Как у вас происходила борьба с камнем?
Борьба все время идет. Массу очищаешь, убираешь много лишнего, всегда есть соблазн. Это вопрос большой дисциплины. Когда я был совсем молодой, из меня, что называется, пёрло. А потом, начиная с какого-то момента, что более или менее совпало с моей углубленной встречей с Гершковичем, я стал критически относиться к своей работе. Правда, сама до-декафонная система к этому обязывает, там каждая нота весомая. Мы тогда очень увлекались Веберном. У него все было так коротко по времени, потому что ему удавалось афористически выразить то, для чего другим надо написать целую симфонию – по количеству информации. Эта дисциплина и есть борьба с материей. Сам Веберн говорил об этом. Его техника была духовным стремлением. Я теперь это понимаю, почитав его письма.

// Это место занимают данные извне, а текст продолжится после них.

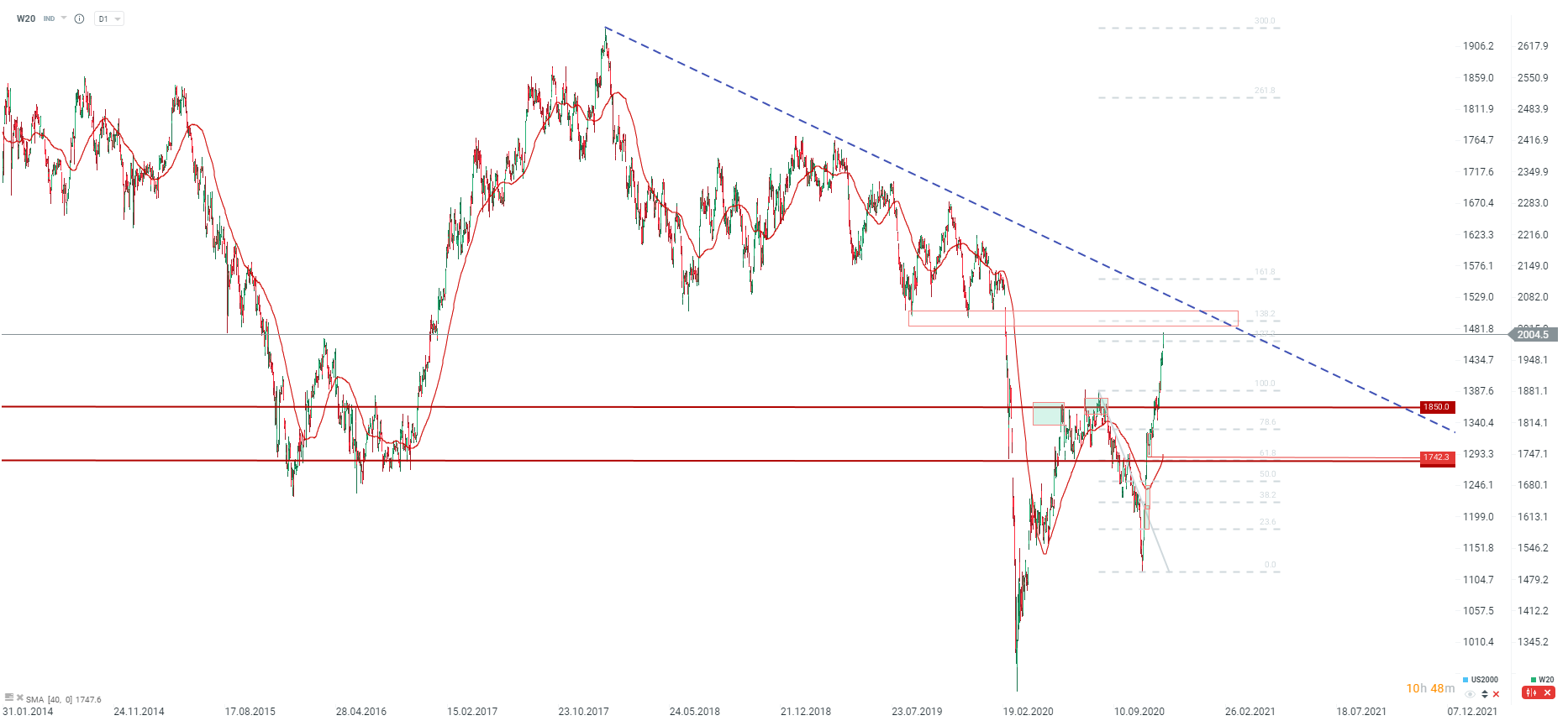 Silny wzrost spółek paliwowych oraz energetycznych powoduje dzisiaj wzrost indeksu WIG20 powyżej 2000 punktów. Widzimy tutaj podwójne zwycięstwo, gdyż kontrakt W20 również przekracza tę barierę, która ostatni raz była widoczna w lutym. Kolejny silny opór na WIG20 to okolice 2050 punktów, czyli lokalne dołki z ostatnich miesięcy 2019 roku, a następnie wieloletnia linia trendu spadkowego.

Чувство экономии у меня осталось и после додекафонии. В последующих сочинениях никаких излишеств уже нет. Знаешь цену звукам.
После додекафонии вы стали себе позволять вносить в музыку чувство?
Я не могу сказать, что в «Musica stricta» нет чувств, их там полно. В «Музыке для 12 инструментов» чувств нет, а если они и есть, то являются результатом какой-то интервальной работы. Если взять «Серенаду насекомых», она красиво и интересно звучит. А сами чувства – это «бесплатное приложение» или «нагрузка» в магазине: мы вам дадим колбасы, только если вы купите крахмал. Чувства – это добавки. Их невозможно отделить.